Why George Soros likes HK for hedge funds
Updated: 2010-04-14 08:08
By Liu Liu(HK Edition)
|
|||||||||
Soros Fund Management LLC, one of the top 10 hedge fund management firms in the world, with total assets of $25 billion, recently sent two of its top fund managers to Hong Kong to run its new headquarters in the city.
Before Soros' inroad into the city, over 30 large-scale global hedge fund operators, including GLG Partners Inc, which is comparable with the Soros Fund Management in terms of scale and popularity, had opened their offices here since May 2009.
Hedge funds differ from mutual funds and ordinary investors mainly in investment strategies. They can make use of unconventional strategies such as leverage, short selling and low-correlation positioning.

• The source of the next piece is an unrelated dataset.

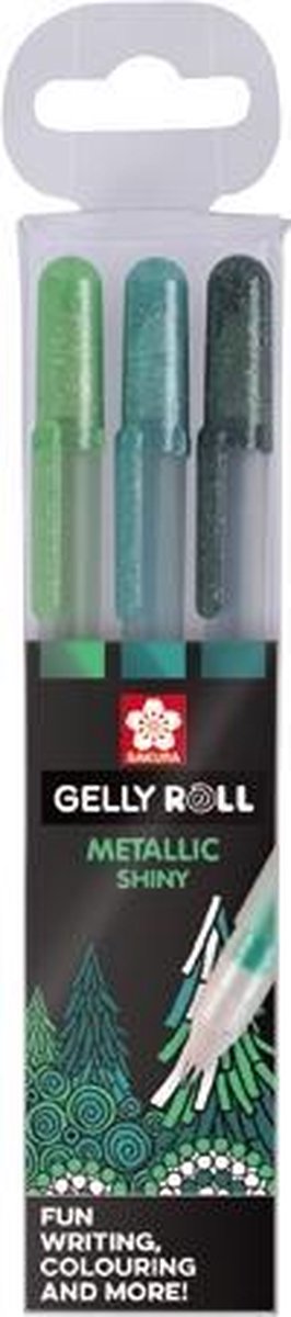 Set met 3 glanzende Metallic gelpennen in de boskleuren groen, emerald groen en jagersgroen. Geweldig om mee te tekenen, versieren en schrijven. Te gebruiken voor handlettering, bullet journaling, (wens)kaarten en nog veel meer! Gelly Roll In 1984 vond Sakura een nieuw soort inkt uit, gebaseerd op gel en die in veel prachtige kleuren gemaakt kon worden. De wereld maakte voor het eerst kennis met de gelpen, genaamd Gelly Roll, die sindsdien bekend is geworden om haar prachtige schrijfresultaat waarbij je niet hoeft te drukken. Het schrijft heerlijk en ligt soepel in de hand. Inmiddels bestaat Gelly Roll in veel soorten kleuren en effecten zoals Stardust (glitter), Metallic (glanzend) en Moonlight (fluorescerend). Superleuk voor het beschrijven van wenskaarten, maar ook voor tekenen en decoreren.

The new generation hedge funds offer various kinds of strategies as well as specializations. Some continue to employ the macro and long/short equity strategy while others have found their way into specialized market sectors such as derivatives, exchange traded funds (ETF), convertible bonds, junk bonds, sub-prime mortgage debts, credit default swaps (CDS), carbon emission products, carry trading, programmed trading and black-box high frequency trading.
Hedge funds used to raise capital from a small group of investors, including fund managers. But now the key capital contributors of hedge funds include pension funds, insurance companies, endowment funds and university funds, which are widely considered to be conservative and safe players. In fact, "hedging" strategies - when implemented properly - can generate more stable returns at lower risk than traditional asset allocation strategies do. This explains why pension funds, insurance firms and their ilk are increasingly allocating more funds to hedge fund managers, contributing to the rapid growth of the sector over the past ten years.
Data from the Securities and Futures Commission of Hong Kong showed that there were 245 hedge funds in the city at the end of 2008, managing an aggregate asset of $22 billion, of which 84 percent is owned by investors from the US and Europe.
Hong Kong has become the most favored haunt for hedge funds. In 2008 alone, 30 new hedge funds were set up with $1.6 billion fresh capital, helping the city become the only key financial center that saw net growth in the aggregate asset value of hedge funds, despite a 28 percent contraction in the total assets of hedge funds in Asia.
George Soros is a smart investor, who has a strong sense for business opportunities and a clear vision for the outlook for the global economy. He has, on more than one occasion, identified China as the "biggest" winner of the 2008 financial crisis, while predicting that the US will lose many of its competitive edges.
Expectations for yuan appreciation, the launch of margin trading and short-sell mechanisms in the mainland stock market, as well as the launch of stock index futures, are major events for hedge fund managers.
Many hedge fund managers, who have set up an operation in Hong Kong, are actually targeting opportunities on the mainland. By operating in Hong Kong, they can more readily glean first-hand information on the mainland's policies.
While Singapore has set up the lowest threshold in Asia for hedge funds, Hong Kong remains the most-favored destination for hedge funds in the region.
This is a translated and edited version of an article published in the April 2010 issue of Bauhinia magazine. Translation by George Ng.